And in a statement, he said Russia will plan further steps to restore relations, based on the policies of the Trump administration.

Later, the president-elect tweeted to say: “Great move on delay by Vladimir Putin. I always knew he was very smart.”

We will return to the Putin response after the news summary.

And in the day’s other news: A fragile cease-fire appeared to hold across Syria, despite sporadic shooting.

Diana Magnay of Independent Television News reports.

DIANA MAGNAY: It’s not as though there’s no fighting today. This is a regime airstrike earlier on near the city of Hama, but nothing so severe that the deal’s off yet.

WALID AL-MOUALEM, Foreign Minister, Syria (through translator): There is a real opportunity to reach a political solution for the crisis in Syria that ends the bloodshed and establishes the roots for the future of the country.

DIANA MAGNAY: With the front lines quiet, people in opposition areas went back onto the streets, just as they had done in the early days of the revolution, not that everyone here remembers those days, but the refrain’s familiar: a Syria without Assad, even if the outcome’s as unclear as ever.

ABDULFAKI ALHMADO, Former Aleppo Resident: If you say that if we are happy with being Assad in power, of course we will not be happy. And I can make sure for you that all those people who are refugees now either inside Syria or outside Syria will not be back to Syria unless Assad goes away from his position as president of Syria.

DIANA MAGNAY: That will be up to the Russians. Aleppo was part of this deal, struck between Turkey and Russia in two months of back-and-forth talks. With Aleppo now chalked up for the regime, it’s now up to Putin to see what pressure he can bring to bear on Syria’s president before talks next month in Kazakstan, if this cease-fire holds, and that’s a big if.

Along its border, Turkey is expanding its facilities for refugees, to house the tens of thousands freshly displaced from Aleppo through this bitter winter and beyond. Russia and Turkey pitching themselves as regional power-brokers, guardians against terror, bringers of peace, high stakes if they fail, but the initiative now is with them.

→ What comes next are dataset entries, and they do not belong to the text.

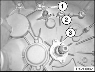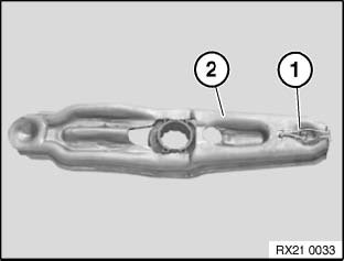 Check spring wire clip (1) and ball pin (2) for damage and replace if necessary.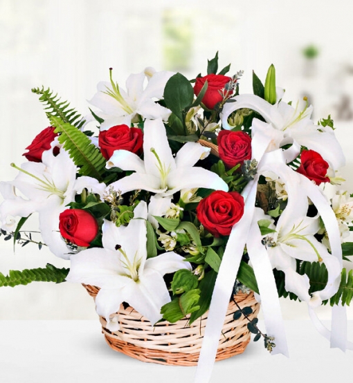 Sepette Kazablanka Lilyum Gül Bu aranjman sepet içerisinde beyaz kazablanka lilyum ve kırmızı gül ile hazırlanmıştır.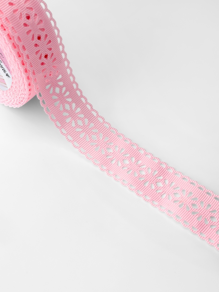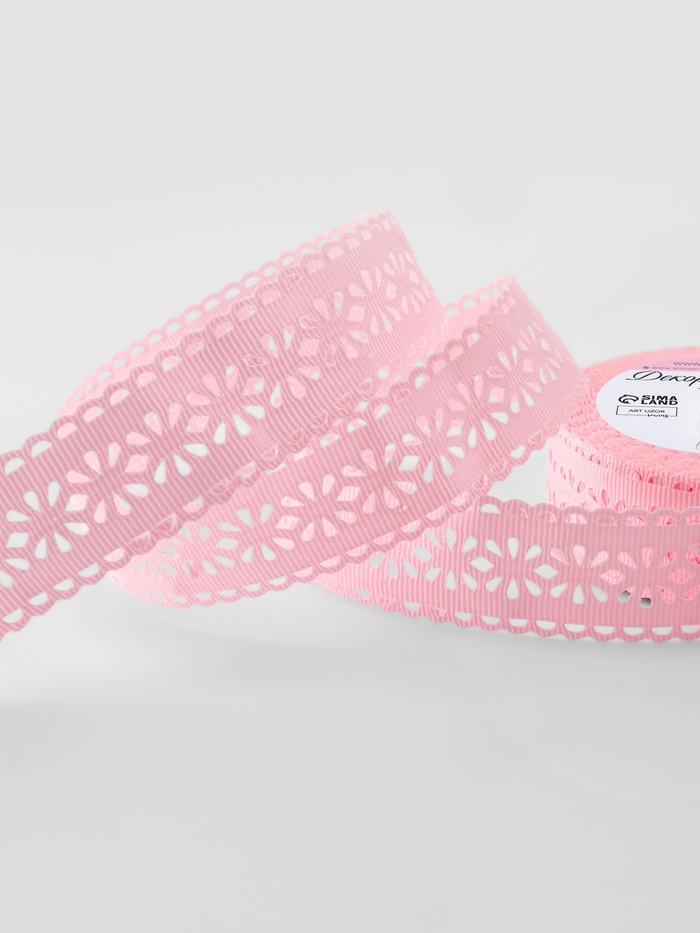 Розовая ажурная лента с репсовой основой сочетает структурность и воздушность. Её перфорированный узор создаёт лёгкий, почти кружевной эффект, подходя для проектов, где важна нежность и текстура. Длина более 9 метров позволяет экспериментировать с объёмным декором.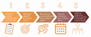 - Définir un programme d’actions chaque année (actions, objectifs, responsables, échéances, etc),

HARI SREENIVASAN: Back in this country, a North Carolina judge blocked a Republican bid to strip the incoming Democratic governor of some of his powers. Republicans passed the statute after Roy Cooper was elected. It takes away his control of election boards. Cooper sued today, saying the law is unconstitutional. The judge stopped it from taking effect on Sunday, pending a review.

New numbers confirm that fatal shootings of police rose sharply in 2016. The National Law Enforcement Officers Memorial fund reports 64 were shot and killed in the line of duty, up 56 percent from last year. The total includes 21 officers killed in ambush-style attacks in Dallas, Baton Rouge and elsewhere.

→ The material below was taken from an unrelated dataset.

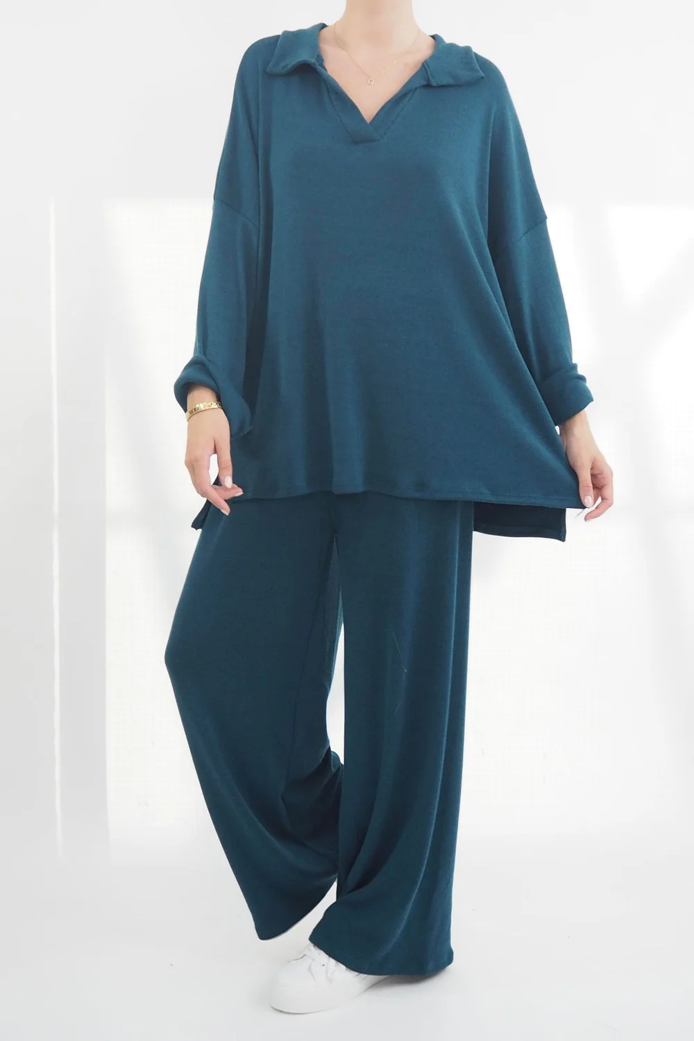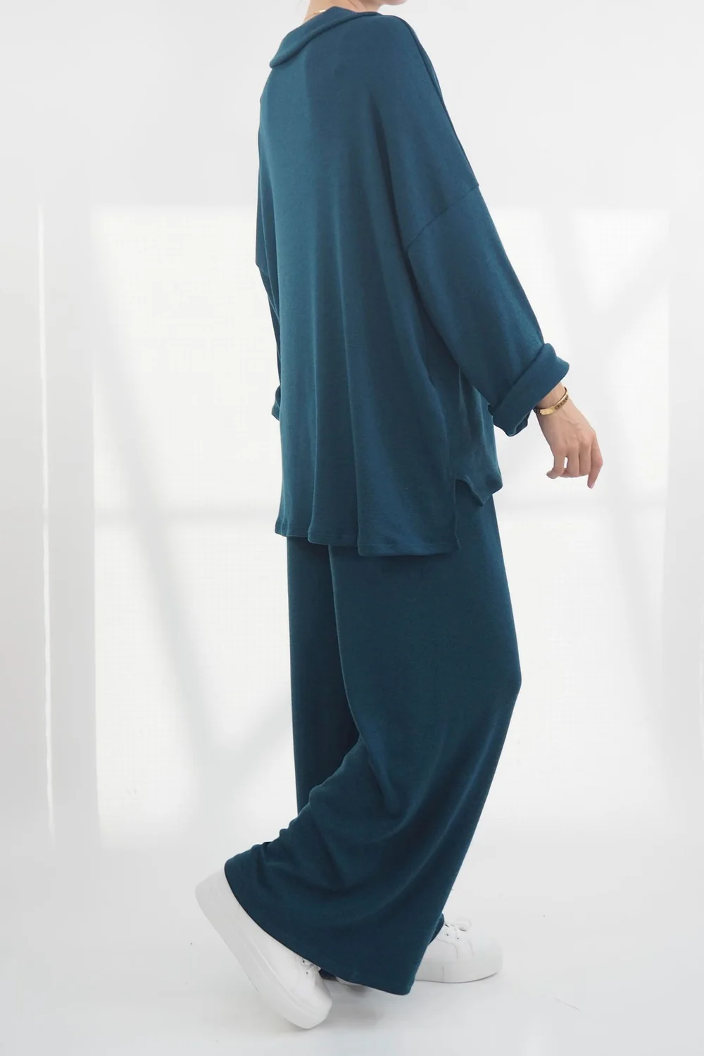 Indulge in the ultimate comfort and style with our super soft, relaxed, and oh-so-cosy set: the Chalet Collared Soft Knit Set in Prussian green blue tone, from Made in Italy Clothing, crafted for those moments of everyday relaxation, this set is a must-have for your autumn wardrobe. The wide-leg, knit trousers boast an elastic waistband, ensuring a perfect fit while allowing you to move with ease. Paired with a matching knit collared top, this ensemble effortlessly combines style and comfort.

A winter storm socked New England overnight and, today, the region’s first strong nor’easter of the season. Some areas got as much as two feet of snow. Near-white-out conditions hit Maine, where snow fell at the rate of three inches an hour in some places. The storm knocked out power to more than 100,000 homes and businesses.

And Wall Street closed out a winning year on a losing note. The Dow Jones industrial average gave up 57 points to finish at 19762. The Nasdaq fell nearly 49 points, and the S&P 500 slipped 10. But for the year, the Dow gained more than 13 percent; the Nasdaq rose 7.5 percent; and the S&P was up 9.5 percent.